A de­mo­cracia é uma coisa muito elás­tica; ora es­tica, ora en­colhe, de acordo com as con­ve­ni­ên­cias dos po­deres ins­ti­tuídos. A Rússia, po­tência ca­pi­ta­lista de­sa­li­nhada, não cabe na­tu­ral­mente no con­ceito, e a guerra na Ucrânia só veio ar­redá-la mais um bo­ca­dinho. Pa­la­dina da de­mo­cracia, a UE, se­guindo as ori­en­ta­ções dos EUA, fla­gela a eco­nomia russa im­pondo san­ções, proíbe ór­gãos de in­for­mação «ali­nhados» com Mos­covo – todos os de­sa­li­nhados com Bru­xelas e Washington – e, ce­reja em cima do bolo, tenta li­vrar-se da de­pen­dência ener­gé­tica em re­lação àquele país.

Ini­ci­a­tivas di­plo­má­ticas para um acordo de paz, se existem, estão no se­gredo dos deuses. O que não é se­gredo ne­nhum é o acordo fir­mado a se­mana pas­sada pela se­nhora Von der Leyen, pre­si­dente da Co­missão Eu­ro­peia, para o «for­ne­ci­mento es­tável de gás na­tural à UE». E com quem? Com dois ex­po­entes da de­mo­cracia, na­tu­ral­mente: Is­rael e o Egipto.

Dei­xando de lado os as­pectos téc­nicos, re­giste-se a elas­ti­ci­dade do con­ceito tendo em con­si­de­ração que o gás ex­plo­rado por Is­rael se en­contra em águas que Te­la­vive con­si­dera es­tarem na sua Zona Eco­nó­mica Ex­clu­siva mas que… são dis­pu­tadas pelo Lí­bano, que em 2011 apre­sentou na ONU (De­creto 6433) um mapa ma­rí­timo in­cluindo nas suas águas a área em causa. A questão está num im­passe.
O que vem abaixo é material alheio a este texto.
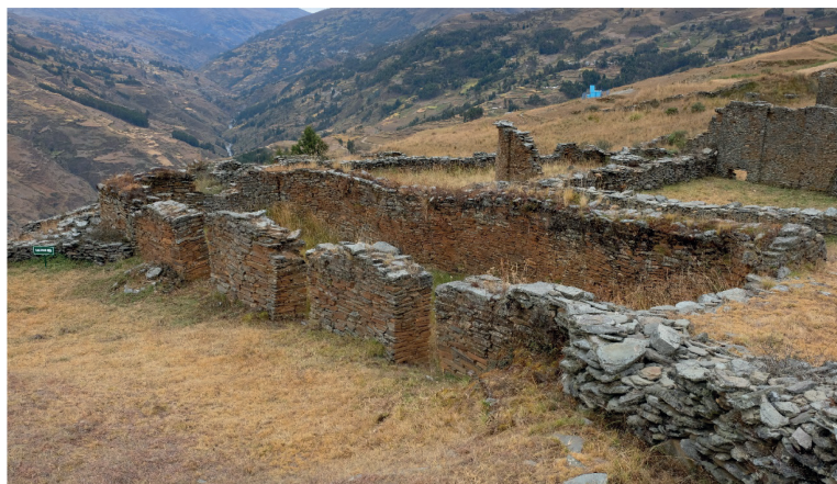
Figura 2. Estructura de planta rectangular de filiación Inca en Garu, sector Gantu Corral Bajo.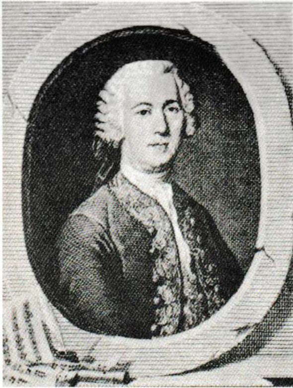
Johann Joachim Quantz

Le concerto en la majeur enregistré ici fut écrit probablement à Potsdam. Il est destiné soit à la flûte ( Wtq n° 168 ), soit au violoncelle ( Wtq n° 172 ), soit au clavier, clavecin ou piano ( Wtq n° 29 ). Sa structure en 3 parties, marque l'héritage italien de Vivaldi tandis que chaque mouvement annonce la nouvelle forme de la sonate. L'allegro initial présente quatre ritournelles des cordes entre lesquelles s'intercalent trois soli qui en dérivent directement. Le premier solo offre le caractère d'une exposition, le deuxième faisant figure de développement, le troisième rassemblant les idées des deux premiers. Le largo , en la mineur, présente aux violons et alti en sourdine, un thème récitatif chargé d'une grande intensité dramatique annonçant bien des pages romantiques. L'allegro conclut l'œuvre dans une atmosphère d'une volubilité et d'une véhémence extraordinaires tant par l'ardeur de son rythme que par le dynamisme du dialogue échangé entre le soliste et l'orchestre.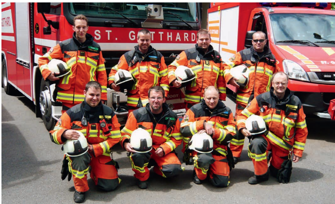
Sapeurs-pompiers d'intervention du Gothard en HUNTER/TITAN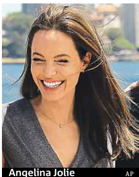
Angelina Jolie

Hollywoodská hvězda Angelina Jolie prý plánuje „po několika dalších“ filmech skončit s herectvím a soustředit se výhradně na režisérskou roli. Herečka to řekla v australském Sydney, kam tento týden přijela se svým manželem Bradem Pittem na premiéru svého nového snímku Nezlomní. Drama z druhé světové války, jež vypráví skutečný příběh olympijského běžce Louise Zamperiniho zajatého japonskými vojáky během druhé světové války, natáčela právě v Austrálii. Byl to druhý režisérský počín Jolie po snímku V zemi krve a mechu z roku 2011, který kritiky přijaly velmi pozitivně. „Ráda projekt sleduji po celou dobu vývoje. Baví mě strávit dva roky nad nějakým tématem, dozvídat se o něm,“ uvedla. Jolie nyní jako režisérka připravuje film By the Sea (U moře), kde si rovněž zahráje společně se svým manželem. ČTK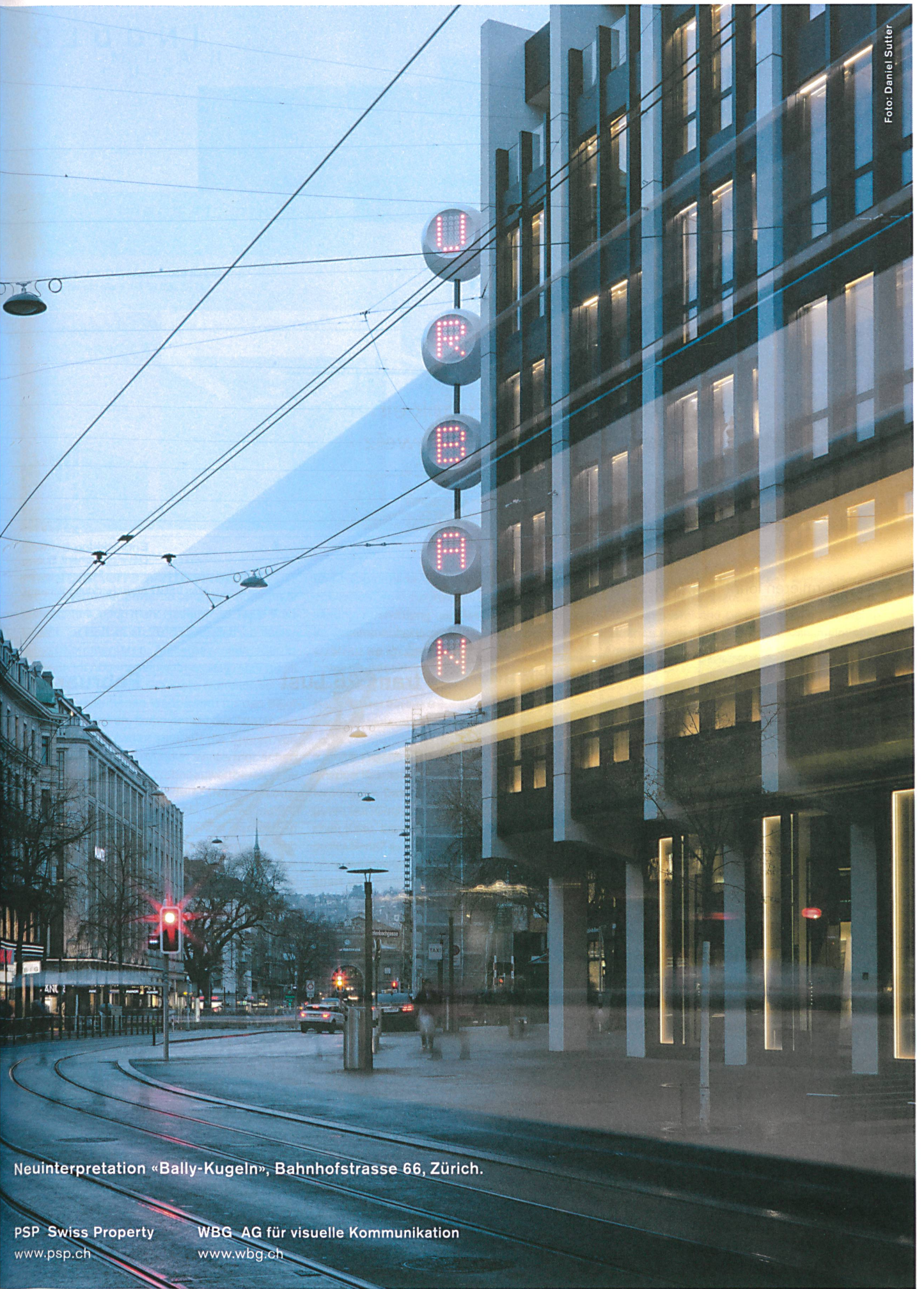
Neuinterpretation «Bally-Kugeln», Bahnhofstrasse 66, Zürich.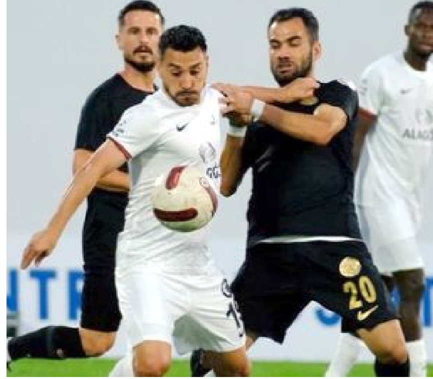
Kırmızı-siyahlılar, sıralamada altında yer alan takımlardan Tuzlaspor ve Ümraniyespor'u deplasmanda 3-0'lık skorlarla yenerken, yine deplasmanda Manisa FK ile 2-2 berabere kaldı.

Ahlatcı Çorum FK, puan cetvelinin ilk 7 sırasında yer alan takımların tamamıyla maç yaparken, 2 galibiyet, 1 beraberlik, 4 yenilgi aldı. Bu maçlarda evinde Sakaryaspor'u 1-0 yenen Çorum temsilcisi, deplasmanda Göztepe'yi 2-1 mağlup eder-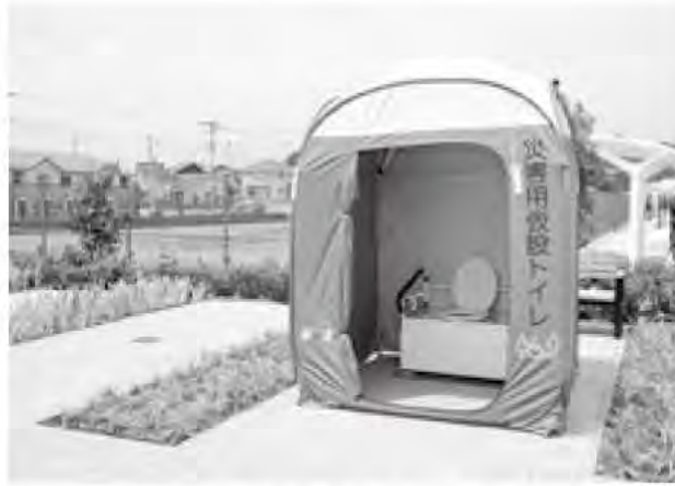
防災機能を備える島上条公園(志麻の里フレンドパーク)

東海地震など大地震の発生が懸念されるなか、災害時に備え防災対策を進めています。地震ハザードマップを策定、全世帯に配布し揺れと液状化により想定される被害の危険度を周知しました。 また、生活必需品の調達など災害時の協力体制について協定を各種団体と締結したほか、災害時には、地域住民の安心・安全の拠点施設として活用できるよう、耐震性貯水槽、備蓄倉庫、マンホールトイレやカマドに転用できるベンチなどを備えた島上条公園(志麻の里フレンドパーク)を整備したことにより非常時の防災体制を強化しました。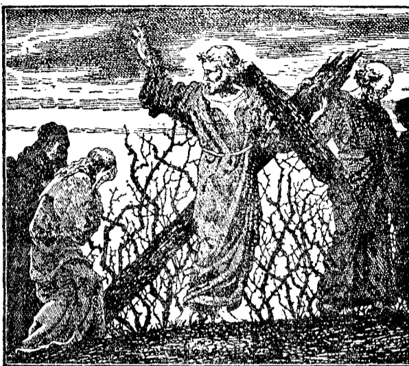
Urmând pe Domnul

a văzut pe doi frați, pe Iacob fiul lui Zebedei și pe Ioan, fratele lui cari erau într-o corabie cu tatăl lor Zebedei și își cârpeau mreșile.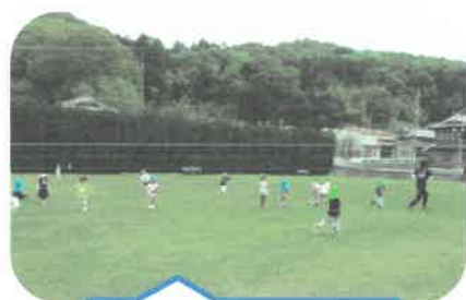
グラウンドひろいわ～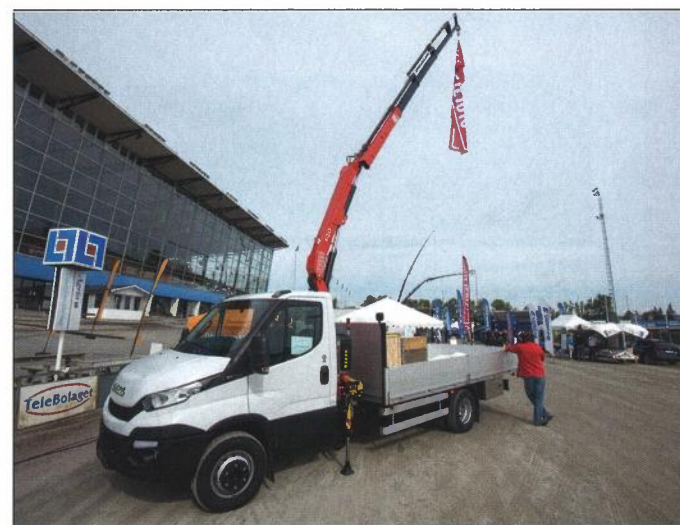
Fasi är världens största tillverkare av kranar, här visar de upp en av de minsta i sortimentet.

Att flera svenska företag sedan väljer att dessutom tillverka produkterna på hemmaplan är givetvis ännu roligare. Det är med andra ord en bransch som lever och mår bra.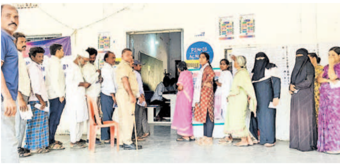
తాండూరు : ఓటిసేనందుకు క్యూలో ఉన్న ఓటర్లు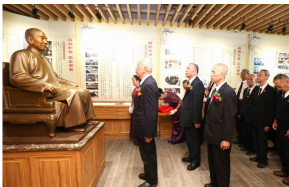
▲ 袁前人聖像揭幕典禮，眾人感恩緬懷。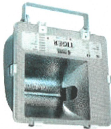
POHĽAD NA SVIETIDLO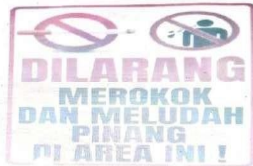
Gambar 6. L11: Larangan merokok dan meludah pinang pada area tertentu

Pada area-area tertentu di rumah sakit tidak semua orang dibolehkan melewati area tersebut, misalnya ruang IGD, seperti yang terdapat pada lanskap L10 di atas. Larangan ini bertujuan untuk menjaga keamanan, sterilitas, dan kelancaran penanganan pasien kritis. Pembatasan akses ini penting untuk menyelamatkan nyawa pasien yang harus ditangani dengan cepat dan hati-hati.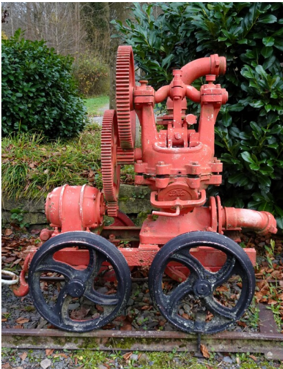
Der Pumpenwagen von der Grube Lüderich auf dem Immekeppeler Dorfplatz (2024)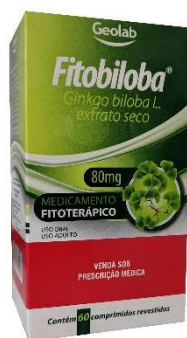
9670-Ginkgo biloba 80mg c/30 9911-Ginkgo biloba 120mg c/30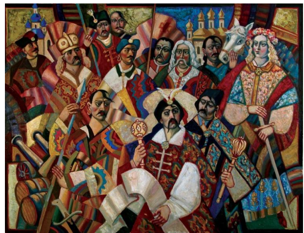
Рис. 6 «Ще покрийть Україну червоні жупани», 1991

Полотна Ф.Гуменюка складно сплутати з іншими, - в його картинах вдало сполучаються традиційна українська символіка та сучасні засади малярства, а поєднання традицій та авангардних віянь надають його творам особливої самобутності.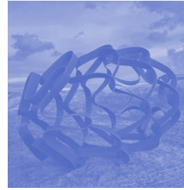
Alphons ter Avest NEDERLAND Sowing the Seeds Staal - 3 x 2 x 2 meter

De locatie is geraffineerd gekozen, gebruikmakend van de steile helling die naar de weg toe ligt. Anders dan de andere beelden ziet dit er toevallig uit. Alsof het zo uit de lucht is komen vallen en bij toeval deze plek toebedeeld heeft gekregen. In werkelijkheid ligt het verankerd aan zware stalen staven.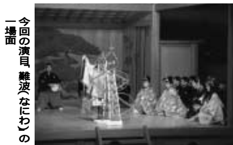
今回の演目「難波(なにわ)」の一場面

期日: 3月7日(水) 公演場所: 国立能楽堂(東京都渋谷区) バス乗車場所(時間): 江戸川台駅西口(8時30分) - 流山駅東口(8時45分) 東部公民館(9時00分) 対象/定員: 市民/45人(多数抽選) 参加費: 2,630円(返信ハガキ到着後、銀行振り込み) 交通手段: 市教委バス 申込方法: 往復ハガキに「古典芸能鑑賞会参加希望」、住所、氏名、年齢、性別、電話番号、乗車場所を明記(返信用にも住所、氏名を記入)し、1月31日(消印有効)までに〒270 0192 流山市役所社会教育課へハガキ1枚で2人まで記入可 問社会教育課: 50-6106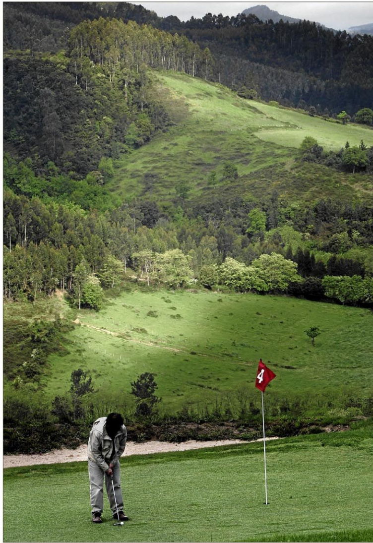
Un golfista realiza un putt dentro del «green». / IÑAKI ANDRÉS

«No sólo somos los responsables de que el césped esté impecable, sino que hay muchas más actividades de mantenimiento y más zonas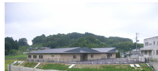
太陽を感じられるテラス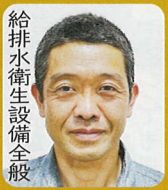
給排水衛生設備全般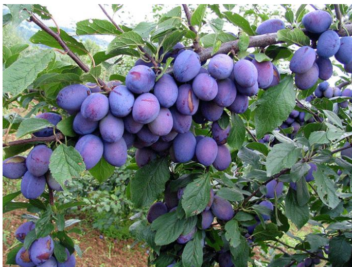
Slika 1. Šljiva sorte „Čačanka rodna“

Istraživanje je provedeno na proizvodnim površinama „Poljoprivrednog obrta Balić“ koji se nalazi u mjestu Ilača u Vukovarsko – srijemskoj županiji na području Republike Hrvatske. Obrt se bavi ratarskom proizvodnjom te u sklopu površina posjeduje i višegodišnje voćne nasade. Za analizu korovne zajednice određen je nasad šljive sorte „Čačanka rodna“ (Slika 1.) starosti osam godina.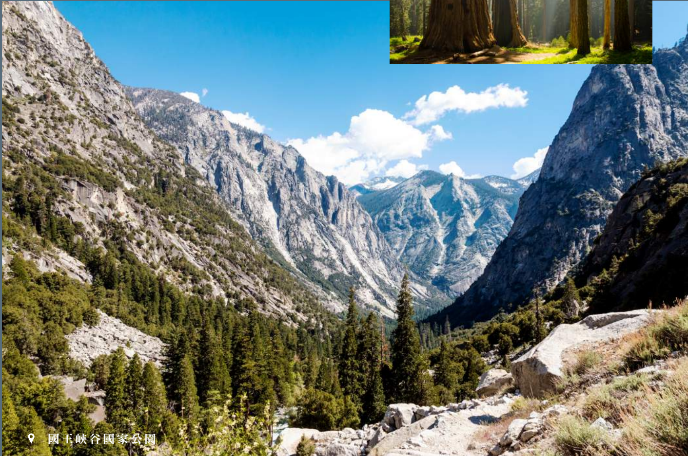
📍 國王峽谷國家公園

Por falar em Lí­bano, lem­bremos que se as­si­nala agora o 40.º ani­ver­sário da ope­ração Paz na Ga­li­leia, como Is­rael chamou à pri­meira guerra no Lí­bano, que se saldou por cen­tenas de mi­lhares de mortos, in­cluindo o mas­sacre de civis pa­les­tinos e li­ba­neses nos campos de re­fu­gi­ados de Sabra e Cha­tila – du­rante mais de 30 horas fa­lan­gistas li­ba­neses apoi­ados por Is­rael exe­cu­taram mu­lheres, cri­anças e ve­lhos, na sua mai­oria, para além de terem co­me­tido es­tu­pros, tor­turas e mu­ti­la­ções –, a des­truição de Bei­rute e a ocu­pação do Sul do Lí­bano por quase duas dé­cadas, de que ainda sub­sistem resquí­cios. Em 2020, o Exér­cito de Is­rael re­co­nheceu ofi­ci­al­mente a ocu­pação, clas­si­fi­cando-a de Zona de Se­gu­rança na Cam­panha do Lí­bano.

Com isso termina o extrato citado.